Leif Svalgaard says:
January 9, 2013 at 9:10 am
‘Open mind’ has nothing to do with science.
No comment.
And that is why we are in such a muddle at the moment with co2 insanity. The models are failing and they don’t know why. Ha.
@Lief Svalgard: ‘Open mind’ has nothing to do with science. I would say, rather the opposite, namely healthy skepticism, not blindly accepting any ideas that comes your way.
An open mind has ?nothing? to do with science?! I submit that the greatest scientific discoveries were done with a mind open to unconventional theories that better fit observations than the accepted conventional theories/dogma.
Do you really think an “open mind” = “Blindly accpting any ideas” that come your way?
An open mind coupled with healthy skepticism is the very driver of science.

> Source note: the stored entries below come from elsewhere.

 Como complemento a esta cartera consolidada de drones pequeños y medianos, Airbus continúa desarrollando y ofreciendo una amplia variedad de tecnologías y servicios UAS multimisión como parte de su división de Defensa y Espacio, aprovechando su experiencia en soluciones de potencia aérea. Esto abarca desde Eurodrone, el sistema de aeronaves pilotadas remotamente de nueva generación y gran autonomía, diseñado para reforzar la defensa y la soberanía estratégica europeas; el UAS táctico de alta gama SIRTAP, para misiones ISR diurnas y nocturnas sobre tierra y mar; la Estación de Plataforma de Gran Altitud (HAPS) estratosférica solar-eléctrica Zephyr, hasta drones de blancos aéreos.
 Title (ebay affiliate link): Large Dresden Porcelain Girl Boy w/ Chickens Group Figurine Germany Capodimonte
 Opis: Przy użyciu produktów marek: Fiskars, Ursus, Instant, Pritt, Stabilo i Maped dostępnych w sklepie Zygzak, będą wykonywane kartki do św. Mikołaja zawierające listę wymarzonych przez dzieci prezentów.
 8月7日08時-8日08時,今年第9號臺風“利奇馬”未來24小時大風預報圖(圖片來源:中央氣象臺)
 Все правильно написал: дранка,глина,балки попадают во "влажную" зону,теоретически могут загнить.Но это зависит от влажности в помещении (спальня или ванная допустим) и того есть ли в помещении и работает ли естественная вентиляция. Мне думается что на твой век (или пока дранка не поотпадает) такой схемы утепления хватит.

Something else I forgot to mention is that I believe there was some noise recently about changes in sulfate concentrations in the lowest levels of the tropical atmosphere in relation to changes in water temperature. If so, fluctuations in sulfate aerosols over the tropics could boost or reduce the effect of GCR impacts on cloud formation and would have to be corrected for in any study looking for correlation. If a simple relationship between tropical water temps and sulfate concentrations in the air exists (somewhat doubtful I think), it could be an easy proxy to use to make the adjustment.

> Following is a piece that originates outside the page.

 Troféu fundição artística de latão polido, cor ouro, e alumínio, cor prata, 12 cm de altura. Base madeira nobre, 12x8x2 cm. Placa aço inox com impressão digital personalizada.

Interesting read. Grabbed the full report – nice to see an option on the NAP download ‘registration’ for ‘private citizen’.
And you were not alone.
I think to make sense of solar energy’s potential impact on the climate, we have to take it down to very, very tiny rates of energy that can accumulate in / be lost to the Earth system over time, each day, and/or over many years.
For example, the amount of energy which is accumulating in the Oceans and Land-Ice-Atmosphere is on the order 0.5 X 10^22 joules/m2/year. And there is 5 X10^14 m2 on the planet.

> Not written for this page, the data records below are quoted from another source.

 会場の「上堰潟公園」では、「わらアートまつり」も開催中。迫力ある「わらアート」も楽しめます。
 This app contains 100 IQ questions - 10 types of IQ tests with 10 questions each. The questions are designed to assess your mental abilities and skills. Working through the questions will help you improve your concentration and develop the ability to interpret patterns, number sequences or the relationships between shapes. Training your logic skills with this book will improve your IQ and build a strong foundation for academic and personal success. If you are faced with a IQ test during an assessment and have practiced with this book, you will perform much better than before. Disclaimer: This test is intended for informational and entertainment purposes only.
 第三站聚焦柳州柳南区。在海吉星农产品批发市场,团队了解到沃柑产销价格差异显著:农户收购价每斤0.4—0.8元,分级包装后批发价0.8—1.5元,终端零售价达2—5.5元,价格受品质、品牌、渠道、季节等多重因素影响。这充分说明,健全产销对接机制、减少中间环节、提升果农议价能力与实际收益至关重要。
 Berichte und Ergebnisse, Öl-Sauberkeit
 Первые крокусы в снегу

But the Sun’s energy is 386.4 X 10^22 joules/m2/year (+/- 0.14 10^22 in the solar cycle).
So if we can measure a 0.5 10^22 joules/m2/year there should be no reason to not assume some of the Sun’s energy can accumulate each year. There is no way every single 0.1 10^22 joules/m2 is balanced out by the emitted radiation ALL the time. We are talking about photons of energy here and they are not going be exactly balanced all the time.
A tiny, tiny difference in the Sun’s energy received versus the energy emitted each day is going to accumulate over time. I’m just saying, noone has ever looked at the issue this way that I am aware of.
NASA is just laying groundwork to build a new narrative. The sun causes cooling that HIDES AGW! The fact that they are entertaining some science at this early stage is just obfuscating cover.